| WORK TO COMPLETE |
Only the lines from the start of the data below through the line that contains "Under dry conditions" are to be copied, exactly and without pictures.

Records from a data source
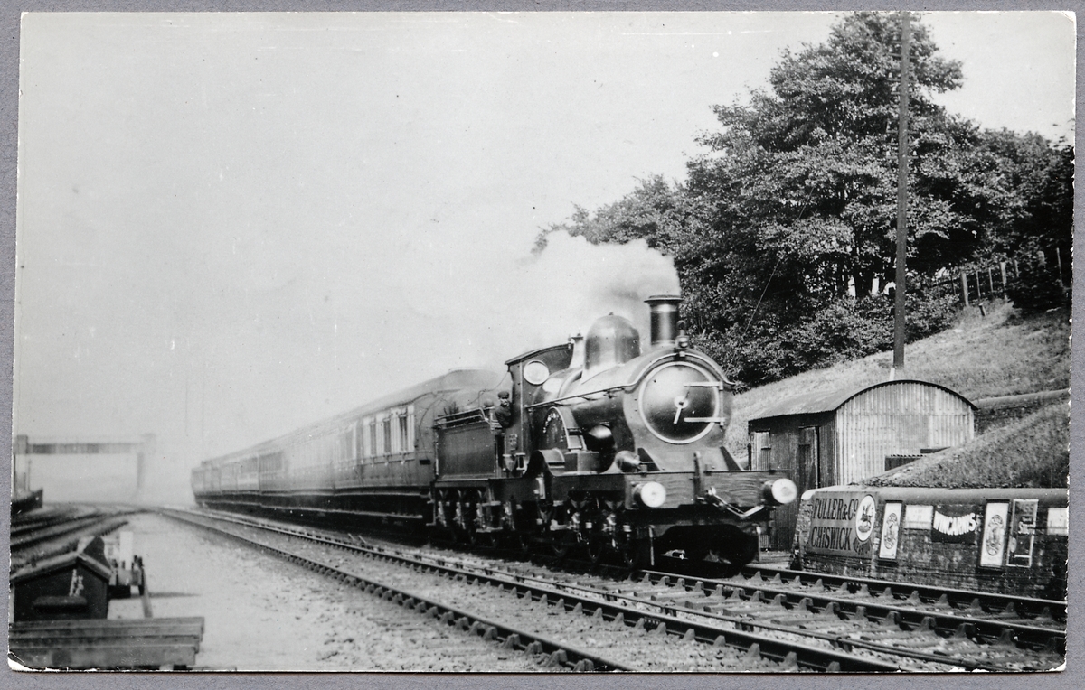 Ånglok med personvagn.
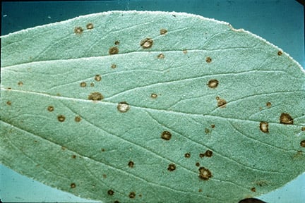 Under dry conditions the pathogen remains contained within the small round spots, but under wet conditions it spreads outwards and the lesion expands rapidly. Alternating wet and dry weather may lead to a spot with a series of concentric growth rings, but in longer periods of wet weather the leaf is rapidly killed.
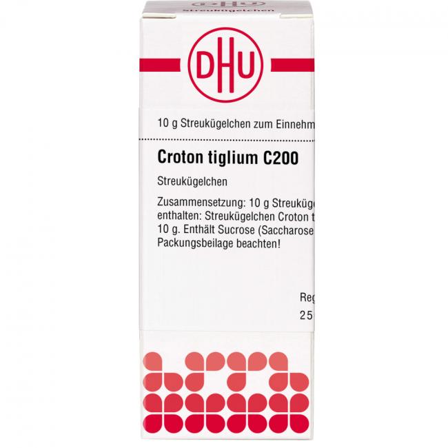 Croton Tiglium C 200. Anwendungsgebiete: Registriertes homöopathisches Arzneimittel, daher ohne Angabe einer therapeutischen Indikation. Warnhinweis: Dieses Arzneimittel enthält Sucrose (Saccharose / Zucker).
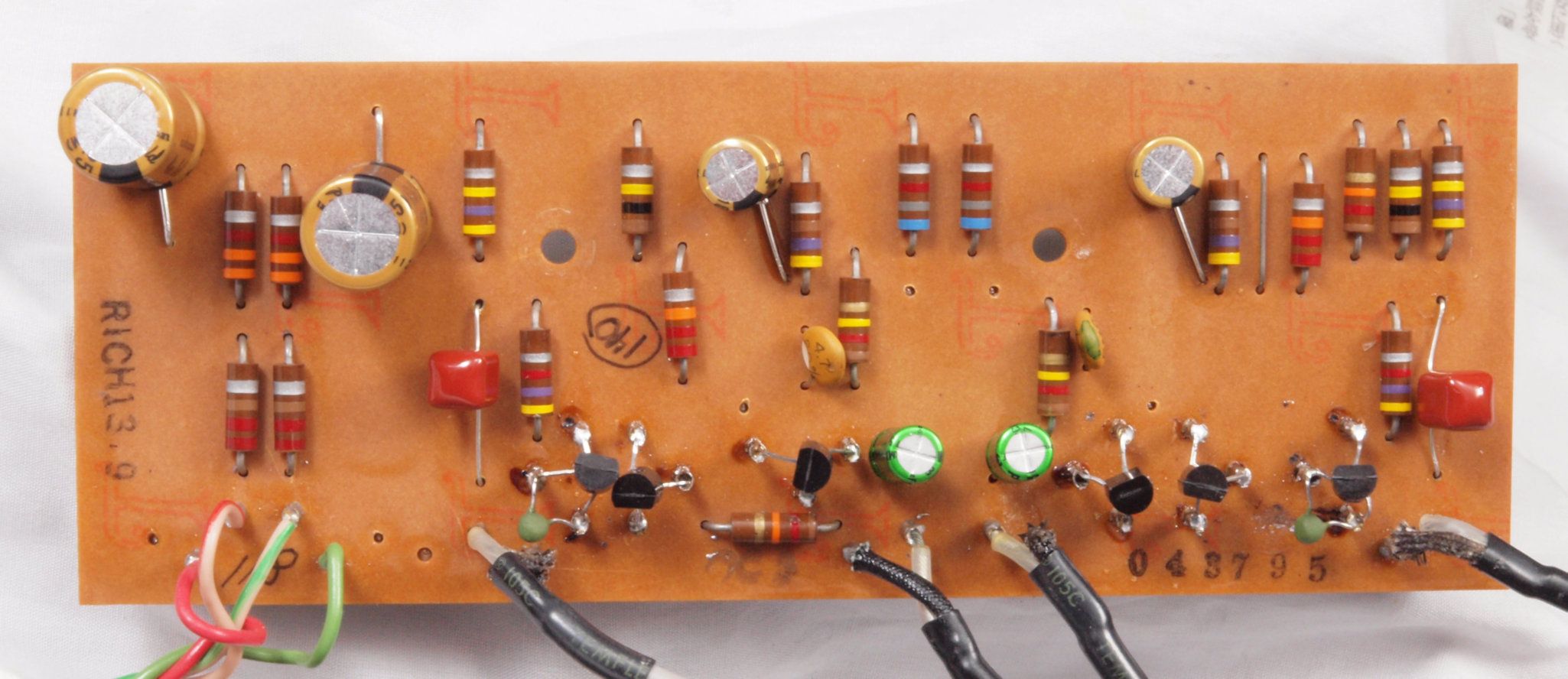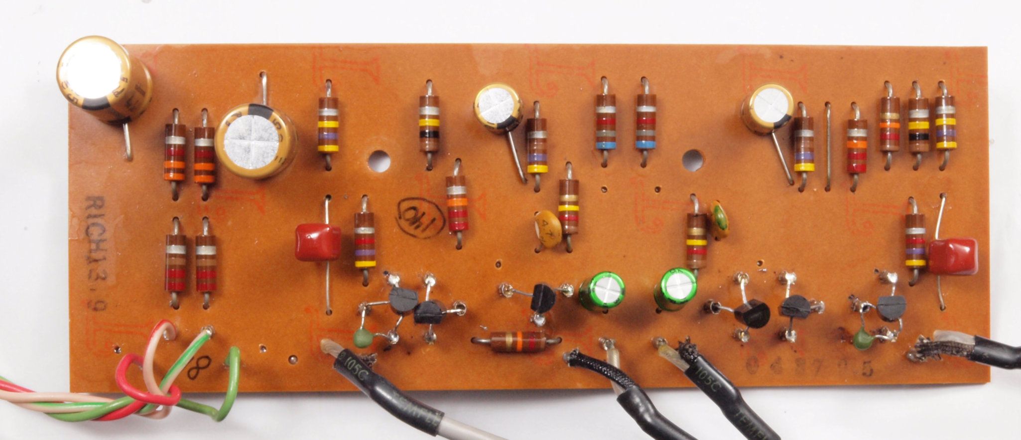 | C32. 修理後 プリAMP基板 電解コンデンサー6個、TR(トランジスター)6個、フイルムコンデンサー2個交換 | ||||||||||||||||||||||||||||||
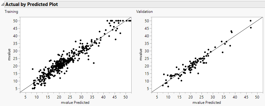 The R-Square statistic for the Validation set is 0.913, signifying that the model is predicting well on data not used to train the model. As an additional assessment of model fit, click the red triangle next to Model NTanH(3) and select Plot Actual by Predicted.
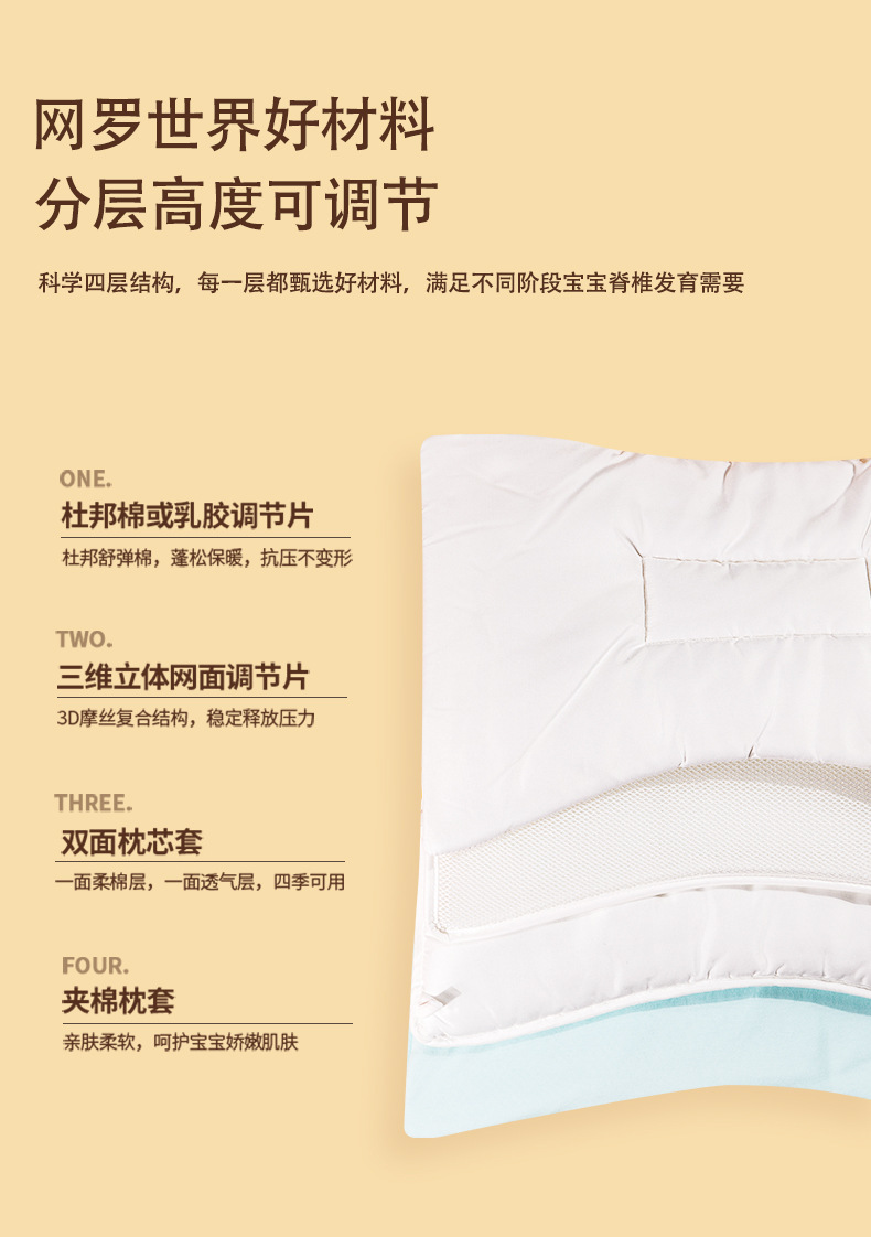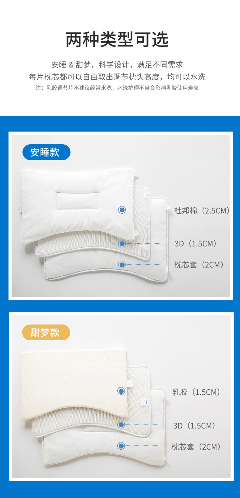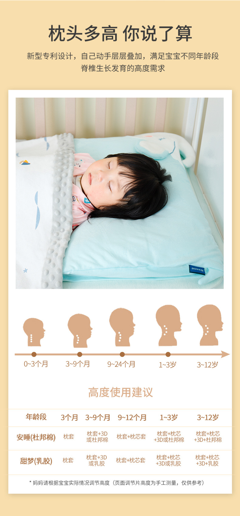 Drone站枕头儿童宝宝枕头杜邦全水洗透气枕0-1-6-12岁睡觉枕
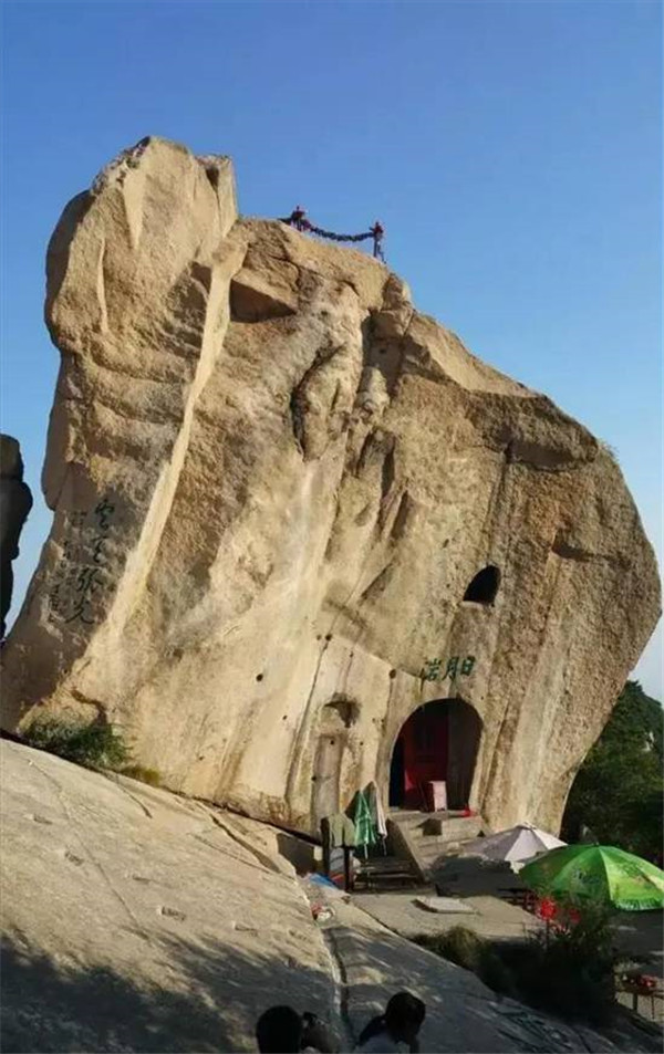 看過(guò)金庸武俠小說(shuō)的童鞋們,一定聽過(guò)全真教。那么全真崖呢?它位于南天門西,為松檜峰頂向南懸空傾伸之崖石。出南天門越長(zhǎng)空棧道可至崖下。崖腹部有賀老石室,是元初道士賀志真開辟的修行之地?!赌戏逵洝分杏浭觯?ldquo;巖類俯首形,遙覆室上,上書“全真巖”三字,赤色以實(shí)之。雖知人所為,然上不可下,下不可上,其履虛而作之邪?何其神也!”

| ANSWER TO THIS EXERCISE |
 Ånglok med personvagn.
 Under dry conditions the pathogen remains contained within the small round spots, but under wet conditions it spreads outwards and the lesion expands rapidly. Alternating wet and dry weather may lead to a spot with a series of concentric growth rings, but in longer periods of wet weather the leaf is rapidly killed.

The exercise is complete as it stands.